The cardinality aggregation uses the HyperLogLog++ algorithm to count distinct values approximately — it is much more memory-efficient than exact counting, with error rates below 5% at default precision. The precision_threshold option (default 3000) trades memory for accuracy. For nested aggregations inside a nested type field, you must first use a nested aggregation to enter the nested context before running sub-aggregations on nested fields. Running a terms aggregation directly on a nested field without the nested wrapper will return incorrect results.

Bulk API NDJSON Format

The Elasticsearch bulk API accepts NDJSON (Newline Delimited JSON) in the request body — each operation is two consecutive lines: the action metadata JSON object followed by the document JSON object. The endpoint is POST /_bulk (for cross-index operations) or POST /index/_bulk (scoped to one index). The Content-Type must be application/x-ndjson. The body must end with a trailing newline. Optimal batch size is 5-15 MB per request or approximately 1,000 documents, whichever comes first.

// POST /_bulk
// Content-Type: application/x-ndjson
// Body — each pair is: action line + document line + newline

// index — create or replace document
{"index":{"_index":"products","_id":"1"}}
{"title":"Wireless Headphones","price":79.99,"status":"published"}

// create — fail if document with _id already exists
{"create":{"_index":"products","_id":"2"}}
{"title":"Bluetooth Speaker","price":49.99,"status":"published"}

// update — partial update (doc key wraps the fields to update)
{"update":{"_index":"products","_id":"1"}}
{"doc":{"price":69.99,"on_sale":true}}

// update with upsert — create if not exists, update if exists
{"update":{"_index":"products","_id":"99"}}
{"doc":{"price":29.99},"doc_as_upsert":true}

// delete — action line only (no document line)
{"delete":{"_index":"products","_id":"3"}}

// ── Bulk response JSON ─────────────────────────────────────────
// HTTP 200 even when some operations fail
{
  "took":   23,
  "errors": true,
  "items": [
    { "index":  { "_index":"products","_id":"1","result":"updated","status":200 } },
    { "create": { "_index":"products","_id":"2","error":{ "type":"version_conflict_engine_exception","reason":"..."},"status":409 } },
    { "update": { "_index":"products","_id":"1","result":"updated","status":200 } },
    { "delete": { "_index":"products","_id":"3","result":"deleted","status":200 } }
  ]
}
// Always check: errors === true → iterate items and inspect each item's error field

// ── Performance: routing and pipeline options ──────────────────
{"index":{"_index":"products","_id":"5","routing":"category-electronics","pipeline":"enrich-pipeline"}}
{"title":"USB-C Hub","price":34.99}

// ── Build NDJSON body in Node.js ───────────────────────────────
const documents = [
  { id: '1', title: 'Headphones', price: 79.99 },
  { id: '2', title: 'Speaker',    price: 49.99 },
]

const body = documents.flatMap(doc => [
  JSON.stringify({ index: { _index: 'products', _id: doc.id } }),
  JSON.stringify(doc),
]).join('\n') + '\n'  // trailing newline is required

await fetch('http://localhost:9200/_bulk', {
  method:  'POST',
  headers: { 'Content-Type': 'application/x-ndjson' },
  body,
})

The bulk API returns HTTP 200 even when some operations fail — always check the top-level errors boolean first, then iterate items and inspect each item's error key to identify which operations failed and why. Common failure causes include version conflicts (document was updated between read and write — handle with if_seq_no/if_primary_term optimistic concurrency), mapping conflicts (field value type does not match the mapping), and index not found errors. A 5-15 MB request body is the sweet spot: smaller batches incur too much per-request overhead, larger batches consume too much JVM heap on the Elasticsearch node during indexing.

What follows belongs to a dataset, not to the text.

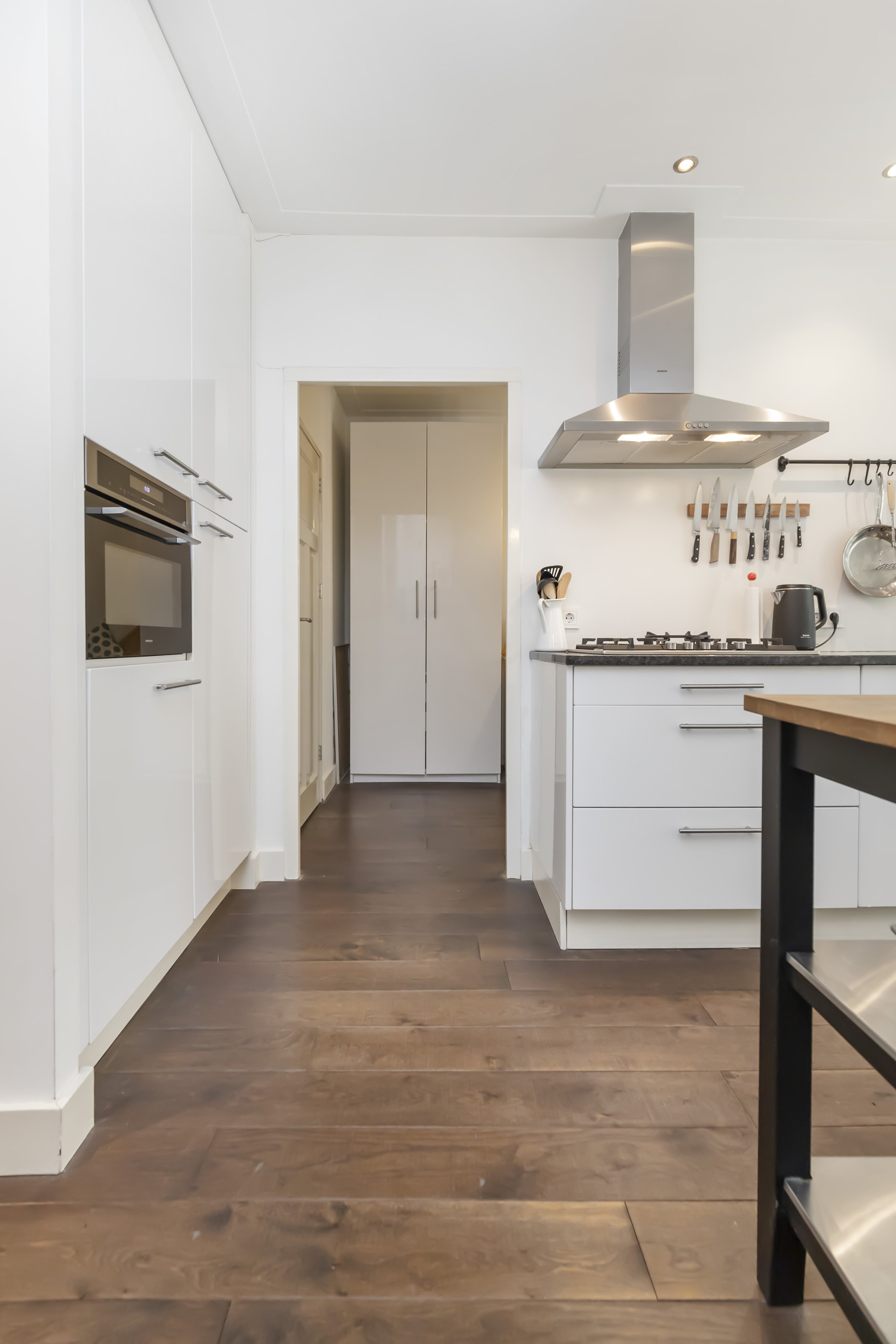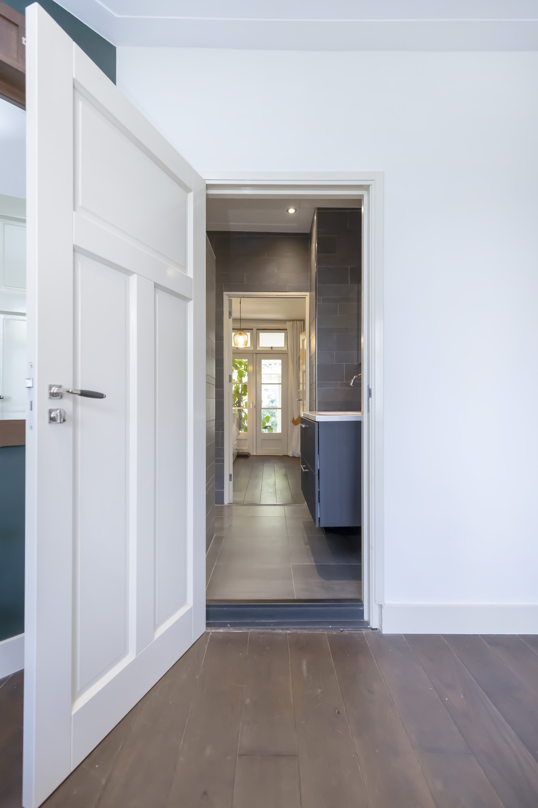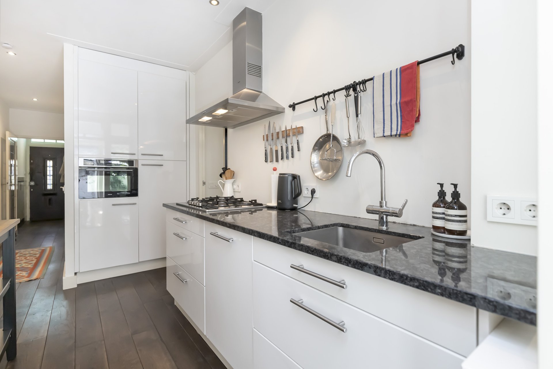 Via de eigen voordeur op straatniveau kom je binnen in de hal. Hier vind je direct de hoofdslaapkamer aan de voorzijde, een separate wc, een handige bergruimte met meterkast én een kast voor de wasmachine. Aan het einde van de hal opent zich de royale woonkeuken: een fijne, lichte ruimte met moderne inbouwapparatuur en genoeg plek voor een grote eettafel.

Source Filtering and Response JSON Shape

Every Elasticsearch search response has the same JSON envelope: took (milliseconds), timed_out, _shards (shard success/failure counts), and hits (the results object). hits.total.value is the total count of matching documents. hits.hits is the array of up to size results, each containing _index, _id, _score, and _source (the original document JSON). Source filtering and pagination control dramatically affect response size and query performance.

// POST /products/_search

// ── _source filtering — return only specific fields ────────────
{
  "_source": ["title", "price", "status"],  // include list
  "query": { "match_all": {} }
}

// Exclude specific fields (e.g., large embedded content)
{
  "_source": {
    "includes": ["*"],
    "excludes": ["description", "raw_html", "embedding_vector"]
  },
  "query": { "match_all": {} }
}

// Disable _source entirely (use fields for doc values instead)
{
  "_source": false,
  "fields": ["title", "price", "created_at"],
  "query": { "match_all": {} }
}

// ── Response JSON shape ────────────────────────────────────────
{
  "took": 5,
  "timed_out": false,
  "_shards": { "total": 1, "successful": 1, "skipped": 0, "failed": 0 },
  "hits": {
    "total": { "value": 1500, "relation": "eq" },
    "max_score": 1.23,
    "hits": [
      {
        "_index":  "products",
        "_id":     "abc123",
        "_score":  1.23,
        "_source": { "title": "Wireless Headphones", "price": 79.99 }
      }
    ]
  }
}

// ── from/size pagination — deep pagination is expensive ─────────
{
  "from": 0, "size": 20,
  "query": { "match_all": {} }
}
// WARNING: from + size must be <= index.max_result_window (default 10000)
// Deep pagination (from: 9990, size: 10) forces Elasticsearch to rank 10000 docs

// ── search_after — efficient stateless deep pagination ─────────
// Step 1: first page (include sort values in response)
{
  "size": 20,
  "sort": [{ "created_at": "desc" }, { "_id": "asc" }],
  "query": { "match_all": {} }
}
// Step 2: use last hit's sort values as cursor for next page
{
  "size": 20,
  "sort": [{ "created_at": "desc" }, { "_id": "asc" }],
  "search_after": ["2025-12-31T23:59:59Z", "last-doc-id"],
  "query": { "match_all": {} }
}

// ── scroll API — legacy deep pagination for data export ─────────
// Prefer search_after for new code; scroll is stateful and holds resources
// POST /products/_search?scroll=1m
{
  "size": 1000,
  "query": { "match_all": {} }
}
// Response includes scroll_id — use it to fetch next batch
// POST /_search/scroll
{ "scroll": "1m", "scroll_id": "DXF1ZXJ5QW5kRmV0Y2gB..." }

// ── filter_path — prune the response envelope ──────────────────
// GET /products/_search?filter_path=hits.hits._source,hits.total.value
// Returns only the specified fields from the response JSON

The hits.total.relation field is either "eq" (exact count) or "gte" (lower bound — actual count is greater than or equal to value). By default, Elasticsearch stops counting at 10,000 for performance; set "track_total_hits": true in the request body to get an exact count regardless of size. For data export scenarios requiring all documents, search_after with a stable sort (include _id as a tiebreaker) is preferred over scroll API because it is stateless — scroll holds an open context on each shard, consuming memory proportional to the result set size.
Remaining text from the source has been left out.